In principle, the accelerated approval system used to approve Tofersen should be revolutionary for rare diseases like SOD-ALS, where accessing enough patients to perform large clinical trials is challenging. However, this pathway has recently been criticised for approving drugs with little clinical evidence. The integrity and rigour of the approval process have been called into question, particularly in the case of aducanumab, a drug recently approved for the treatment of Alzheimer’s disease. This drug not only had little evidence of clinical benefit but was also associated with harmful side effects. A cost analysis of aducanumab indicated that this drug would likely have minimal improvements in disease outcome at an exorbitant cost to the patient, shedding doubt on the motives of the FDA in approving such drugs. Similarly, Tofersen comes with significant price tag at $185,000 per year of treatment raising questions of the cost-benefit of this drug too.

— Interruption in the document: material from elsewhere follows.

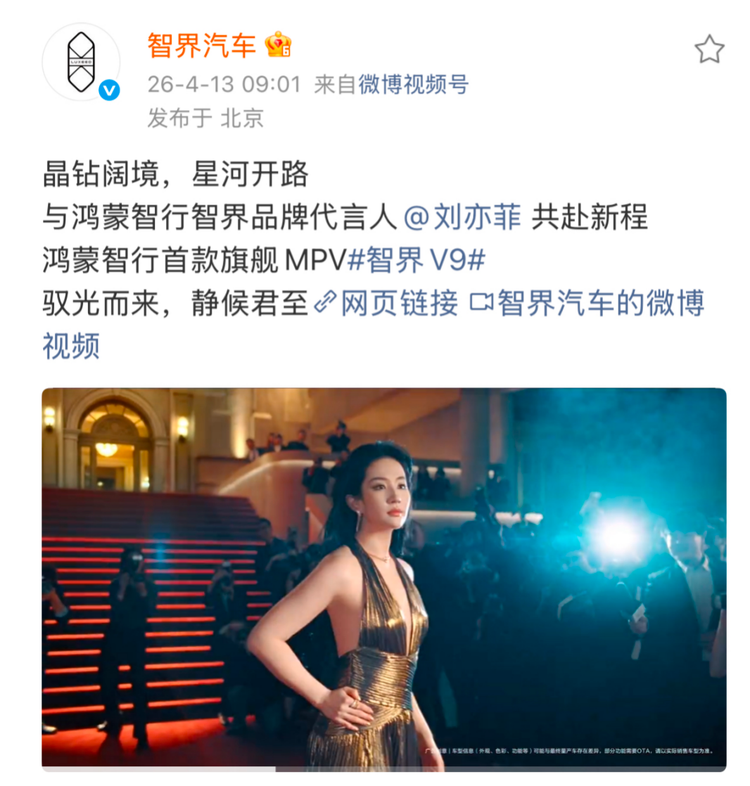 4月13日, 智界V9(参数|询价)智能交互式侧门光毯视频首发,刘亦菲正式出任品牌代言人的官宣同步落地,两大动作引爆全网讨论。在高端MPV市场持续向“科技豪华”转型的当下,智界V9以多项黑技术创新,为“MPV科技车皇”定位写下有力注脚。它跳出传统MPV“空间+舒适”的单一赛道,将仪式感、安全性与技术创新深度融合,重新定义了旗舰座驾的价值标尺。

While the clinical data has yet to definitively prove that Tofersen improves patient outcomes, an open-label extension of the phase III trial (where a trial is continued for months to assess the long-term efficacy of the drug) has shown some promise. Improvement in motor function, respiratory function, and quality of life were reported, particularly if the treatment was initiated early in disease progression. Perhaps initial trials were too short to capture the potential of Tofersen for improving the lives of patients with ALS.
Drug approval decisions must be rooted in clear, convincing evidence. But for a disease with such fatal progression, any chance of improvement in quality of life for patients with ALS is so valuable. Tofersen’s effect on NfL and the recent open-label extension give us tentative hope that real clinical benefit could come from its approval despite the mixed success of the phase III trial.